Названное стихотворение Фета содержит образы философской мистической поэзии Хафиза: возлюбленная – "опаленная лучами", она – "роза гор", влюбленный – красой возлюбленной "ужален", путь любимой к любимому – "незаметные пути".
Возлюбленная у Фета – не просто роза, она – "роза гор". Аллегорический смысл образа горы ("гора Каф") в иранской мистической теософии и персидской поэзии, как рассмотрел А.Е. Бертельс, в том, что она, ("Гора"), есть полное проявление истинной сущности ("хакикат"), и Истинный (Бог) весь в ней явлен и явен. Таким образом, "гора Каф" является символом проявления, или эманации, Божественности в микрокосме, причем поскольку человек есть малый мир, в нем заключены все сущности большого мира – вселенной [8: 187–188].
Аллегория метафоры "птица Симург за горой Каф" дает возможность истолковать "гору Каф" как символ "совокупного бытия" (хасти, вуджуд, т.е. "тела и души вместе") "путника" (салик), т.е. суфия, идущего по пути духовного совершенствования [8: 188].
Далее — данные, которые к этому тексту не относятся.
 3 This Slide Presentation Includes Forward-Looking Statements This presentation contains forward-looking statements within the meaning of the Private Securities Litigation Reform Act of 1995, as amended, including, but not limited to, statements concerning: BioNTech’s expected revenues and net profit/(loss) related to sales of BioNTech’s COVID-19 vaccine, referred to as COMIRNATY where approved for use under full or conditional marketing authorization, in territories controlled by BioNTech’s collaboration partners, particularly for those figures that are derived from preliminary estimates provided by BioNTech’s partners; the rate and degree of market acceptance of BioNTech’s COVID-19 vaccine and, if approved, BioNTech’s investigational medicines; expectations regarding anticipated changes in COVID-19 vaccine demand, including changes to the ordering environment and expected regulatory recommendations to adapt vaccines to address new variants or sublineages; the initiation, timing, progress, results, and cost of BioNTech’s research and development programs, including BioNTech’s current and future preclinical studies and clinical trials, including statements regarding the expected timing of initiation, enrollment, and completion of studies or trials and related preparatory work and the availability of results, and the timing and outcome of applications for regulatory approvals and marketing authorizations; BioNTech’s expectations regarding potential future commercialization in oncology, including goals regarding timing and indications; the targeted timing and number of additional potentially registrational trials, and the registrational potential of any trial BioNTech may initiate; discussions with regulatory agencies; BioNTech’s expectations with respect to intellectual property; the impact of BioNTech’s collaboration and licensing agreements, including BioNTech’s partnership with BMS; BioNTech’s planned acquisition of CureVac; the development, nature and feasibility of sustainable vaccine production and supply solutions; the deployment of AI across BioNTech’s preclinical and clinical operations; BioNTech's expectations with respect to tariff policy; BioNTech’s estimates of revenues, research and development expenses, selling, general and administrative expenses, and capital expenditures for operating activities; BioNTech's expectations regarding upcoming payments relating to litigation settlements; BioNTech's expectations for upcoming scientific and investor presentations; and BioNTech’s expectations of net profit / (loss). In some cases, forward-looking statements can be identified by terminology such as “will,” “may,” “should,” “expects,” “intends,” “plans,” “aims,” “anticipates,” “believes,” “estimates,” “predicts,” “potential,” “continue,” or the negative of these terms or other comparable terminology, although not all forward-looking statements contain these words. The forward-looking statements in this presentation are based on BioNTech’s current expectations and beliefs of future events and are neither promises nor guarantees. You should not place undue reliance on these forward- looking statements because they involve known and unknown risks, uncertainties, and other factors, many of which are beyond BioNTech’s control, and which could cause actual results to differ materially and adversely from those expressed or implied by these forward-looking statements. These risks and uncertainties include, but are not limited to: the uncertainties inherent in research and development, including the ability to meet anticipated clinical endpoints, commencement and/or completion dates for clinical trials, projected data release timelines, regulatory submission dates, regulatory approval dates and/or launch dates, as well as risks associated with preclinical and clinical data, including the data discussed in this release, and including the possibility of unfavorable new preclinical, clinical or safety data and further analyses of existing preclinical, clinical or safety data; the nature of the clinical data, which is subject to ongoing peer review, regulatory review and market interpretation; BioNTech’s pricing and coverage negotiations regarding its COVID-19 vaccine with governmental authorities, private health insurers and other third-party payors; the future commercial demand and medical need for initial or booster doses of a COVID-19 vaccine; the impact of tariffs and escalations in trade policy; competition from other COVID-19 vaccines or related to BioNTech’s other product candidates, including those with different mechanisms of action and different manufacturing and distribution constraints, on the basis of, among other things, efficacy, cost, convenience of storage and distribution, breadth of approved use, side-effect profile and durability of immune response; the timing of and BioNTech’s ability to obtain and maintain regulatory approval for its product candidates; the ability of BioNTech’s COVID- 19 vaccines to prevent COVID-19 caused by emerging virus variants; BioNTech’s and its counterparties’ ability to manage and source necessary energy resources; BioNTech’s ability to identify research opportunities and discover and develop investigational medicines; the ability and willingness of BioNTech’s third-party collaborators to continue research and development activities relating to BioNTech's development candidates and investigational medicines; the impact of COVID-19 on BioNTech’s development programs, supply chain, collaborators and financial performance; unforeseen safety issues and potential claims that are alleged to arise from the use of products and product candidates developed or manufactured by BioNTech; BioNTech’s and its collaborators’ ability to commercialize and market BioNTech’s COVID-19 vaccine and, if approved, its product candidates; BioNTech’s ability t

Смеем представить, что сказанное позволяет говорить о присутствии в метафорах стихотворения Фета аллегорической семантики в скрытом виде, которая во многом восходит к суфийской поэзии Хафиза.
"Роза гор" у Фета в прямом, или "внешнем", понимании – метафора любимой, которая придет к любимому в ночи "незаметными путями". Однако знание аллегорической символики восточной поэзии (арабской, персидской) позволит расширить интерпретацию этого и других названных образов произведения.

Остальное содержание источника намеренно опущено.